Jones launched Bambee, a startup that is going after SMBs with fewer than 500 employees, most of which are operating without an HR department, and could be out of compliance with federal mandates because they don’t have anyone in charge who is aware of the rules.

“Bambee aims to put an HR manager in every American small business. We’ve done so by building a model that allows you to hire one on our platform for $99 a month. So you pay us a flat fee and you get access to our platform and your own dedicated HR professional. […] She acts as your human resource manager and your human resource arm for your company. And our platform helps keep those companies compliant,” Jones explained.

Jones says that while he might not encounter direct bias as he builds his business, there is an unconscious bias that investing in Bambee could be riskier than investing in someone who fits the prototypical startup founder mold, and this is especially true in early-stage investing when investors are essentially betting on the entrepreneur.

“They take bets that they deem as a bit safer — entrepreneurs that look like a certain profile — white cis-gender males that come from Stanford and Harvard that match the profile of confidence and they have kind of built in an anti-bias determination around, so they automatically get the benefit of the doubt to those pedigrees, and those profiles,” Jones said.

He says that means that Black founders have to work that much harder to overcome those biases. Today Bambee has some decent metrics to show investors with revenue reaching tens of millions, growing 300% year over year with thousands of customers across all 50 states, according to Jones. With 100 employees, he plans to double that number by the end of this year.

Even with that, he says there are still barriers to entry he has to deal with. Even if it’s harder for investors to ignore the company’s numbers, he still sees a tendency to accentuate the negative.

“Building a great company with the deficit in belief in you that starts so early on in the venture process, the [obstacles] that you have to [overcome] to get here. It seems impossible with less than 1% of venture capital dollars going to Black founders, and it isn’t because Black founders don’t exist, it’s because the belief in us is not there at scale,” he said.

As Jones continues to build the company, he has learned to look for investors who believe in him and his vision for the company. If he senses that negativity from a potential investor, he moves on because he wants to work with people who want to help build the company and believe in it as much as he does. He says this won’t change when he goes to raise his C round, a stage few Black entrepreneurs reach.

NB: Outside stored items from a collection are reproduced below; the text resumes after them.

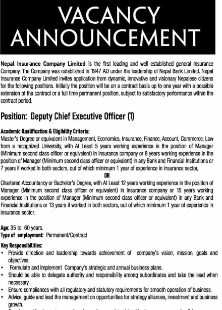 काठमाडौं । नेपाल इन्स्योरेन्स कम्पनीले दुई पदका लागि कर्मचारीको माग गरेको छ । कम्पनीले डेपुटी सिईओ तथा डेपुटी जनरल म्यानेजरका लागि कर्मचारीको माग गरेको छ ।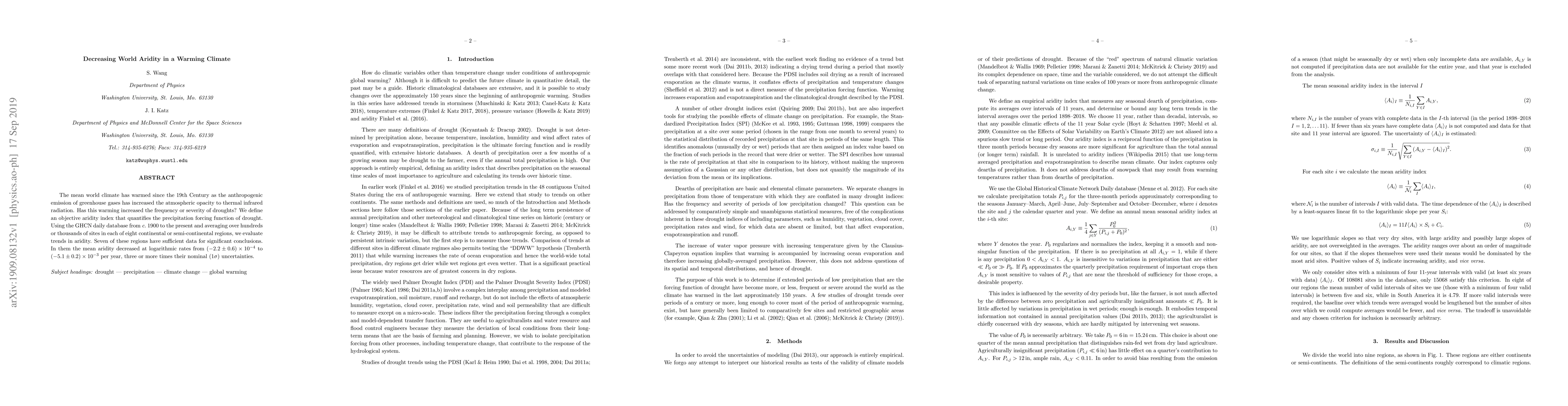 The global climate has warmed since 1900, but surprisingly, this warming trend is associated with a decrease in aridity, meaning drier conditions, in seven out of eight continental regions studied.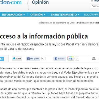 BUENOS AIRES, ARGENTINA (21/DIC/2011).- La Nación de Argentina, uno de los diarios más influyentes de ese país, dedicó su editorial para tratar un polémico proyecto que empuja el Ejecutivo para tomar el control sobre el papel periódico, lo que podría atentar, sostiene la publicación, contra la libertad de expresión y generar un clima de persecución de los medios impresos.
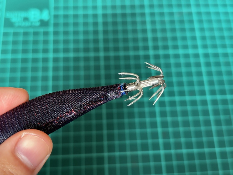 エギを使っていると、イカに噛まれたり岩に擦れたりして、布が徐々に破れていきます。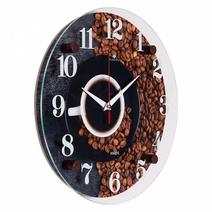 Изображение кофейных зёрен и хорошо читаемые арабские цифры делают эти часы ярким дополнением для интерьера вашей кухни. Они прекрасно сочетаются с любым стилем. Часы с таким дизайном придутся по душе любому кофеману.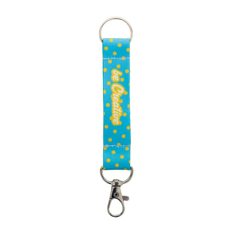 Na zákazku vyrobený RPET polyesterový mini prívesok na kľúče so sublimačnou tlačenou grafikou na oboch stranách, nezahŕňa tlačovú prípravu. S kovovou karabínou a krúžkom. Min. mn.: 100 ks.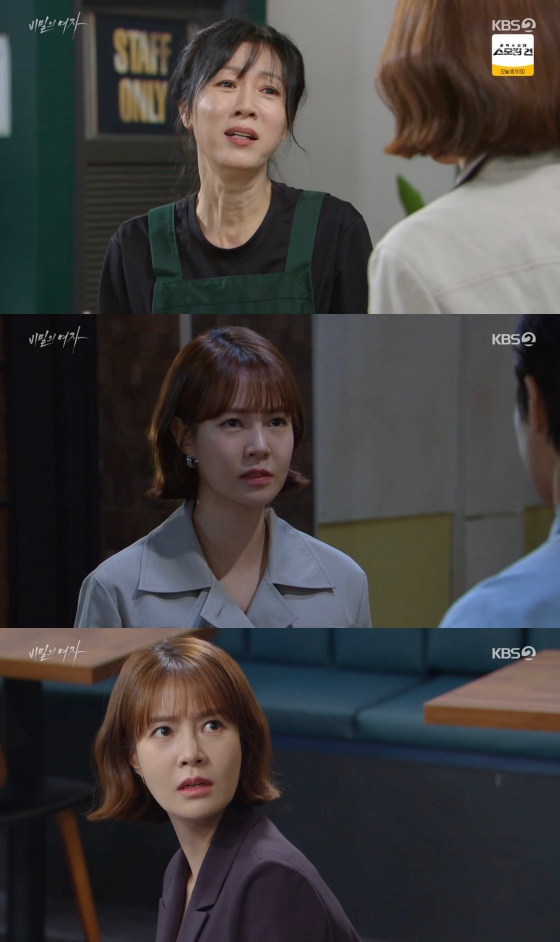10일 오후 방송된 KBS 2TV 일일드라마 '비밀의 여자'에서 오세린(최윤영 분)은 주애라(이채영 분)가 남유진(한기웅 분)을 잡기 위해 가짜 교통사고를 꾸몄다는 사실을 알았다.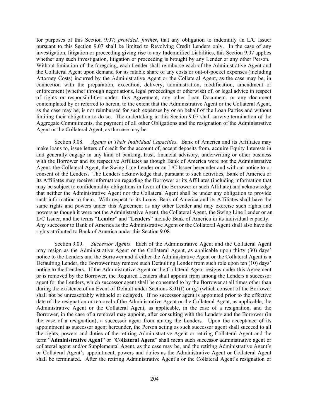for purposes of this Section 9.07; provided, further, that any obligation to indemnify an L/C Issuerpursuant to this Section 9.07 shall be limited to Revolving Credit Lenders only. In the case of anyinvestigation, litigation or proceeding giving rise to any Indemnified Liabilities, this Section 9.07 applieswhether any such investigation, litigation or proceeding is brought by any Lender or any other Person.Without limitation of the foregoing, each Lender shall reimburse each of the Administrative Agent andthe Collateral Agent upon demand for its ratable share of any costs or out-of-pocket expenses (includingAttorney Costs) incurred by the Administrative Agent or the Collateral Agent, as the case may be, inconnection with the preparation, execution, delivery, administration, modification, amendment orenforcement (whether through negotiations, legal proceedings or otherwise) of, or legal advice in respectof rights or responsibilities under, this Agreement, any other Loan Document, or any documentcontemplated by or referred to herein, to the extent that the Administrative Agent or the Collateral Agent,as the case may be, is not reimbursed for such expenses by or on behalf of the Loan Parties and withoutlimiting their obligation to do so. The undertaking in this Section 9.07 shall survive termination of theAggregate Commitments, the payment of all other Obligations and the resignation of the AdministrativeAgent or the Collateral Agent, as the case may be.Section 9.08. Agents in Their Individual Capacities. Bank of America and its Affiliates maymake loans to, issue letters of credit for the account of, accept deposits from, acquire Equity Interests inand generally engage in any kind of banking, trust, financial advisory, underwriting or other businesswith the Borrower and its respective Affiliates as though Bank of America were not the AdministrativeAgent, the Collateral Agent, the Swing Line Lender or an L/C Issuer hereunder and without notice to orconsent of the Lenders. The Lenders acknowledge that, pursuant to such activities, Bank of America orits Affiliates may receive information regarding the Borrower or its Affiliates (including information thatmay be subject to confidentiality obligations in favor of the Borrower or such Affiliate) and acknowledgethat neither the Administrative Agent nor the Collateral Agent shall be under any obligation to providesuch information to them. With respect to its Loans, Bank of America and its Affiliates shall have thesame rights and powers under this Agreement as any other Lender and may exercise such rights andpowers as though it were not the Administrative Agent, the Collateral Agent, the Swing Line Lender or anL/C Issuer, and the terms “Lender” and “Lenders” include Bank of America in its individual capacity.Any successor to Bank of America as the Administrative Agent or the Collateral Agent shall also have therights attributed to Bank of America under this Section 9.08.Section 9.09. Successor Agents. Each of the Administrative Agent and the Collateral Agentmay resign as the Administrative Agent or the Collateral Agent, as applicable upon thirty (30) days’notice to the Lenders and the Borrower and if either the Administrative Agent or the Collateral Agent is aDefaulting Lender, the Borrower may remove such Defaulting Lender from such role upon ten (10) days’notice to the Lenders. If the Administrative Agent or the Collateral Agent resigns under this Agreementor is removed by the Borrower, the Required Lenders shall appoint from among the Lenders a successoragent for the Lenders, which successor agent shall be consented to by the Borrower at all times other thanduring the existence of an Event of Default under Sections 8.01(f) or (g) (which consent of the Borrowershall not be unreasonably withheld or delayed). If no successor agent is appointed prior to the effectivedate of the resignation or removal of the Administrative Agent or the Collateral Agent, as applicable, theAdministrative Agent or the Collateral Agent, as applicable, in the case of a resignation, and theBorrower, in the case of a removal may appoint, after consulting with the Lenders and the Borrower (inthe case of a resignation), a successor agent from among the Lenders. Upon the acceptance of itsappointment as successor agent hereunder, the Person acting as such successor agent shall succeed to allthe rights, powers and duties of the retiring Administrative Agent or retiring Collateral Agent and theterm “Administrative Agent” or “Collateral Agent” shall mean such successor administrative agent orcollateral agent and/or Supplemental Agent, as the case may be, and the retiring Administrative Agent’sor Collateral Agent’s appointment, powers and duties as the Administrative Agent or Collateral Agentshall be terminated. After the retiring Administrative Agent’s or the Collateral Agent’s resignation or204

“Is it going to be easier for me going forward? I don’t think so. I think the type of bias that I have to combat based on the class of entrepreneur I’m becoming, it starts to shift and change, and I’ve seen that in every round and I’m prepared for it in my Series C, as well.”

He says that the progress he’s made in the company and his belief in the business will help him find the right partners to continue on that journey, just as he has in previous rounds.

“We will navigate this […] and I think we’ll build a really great business, and ultimately the partners we discover along this journey will be the exact right ones who we were meant to.”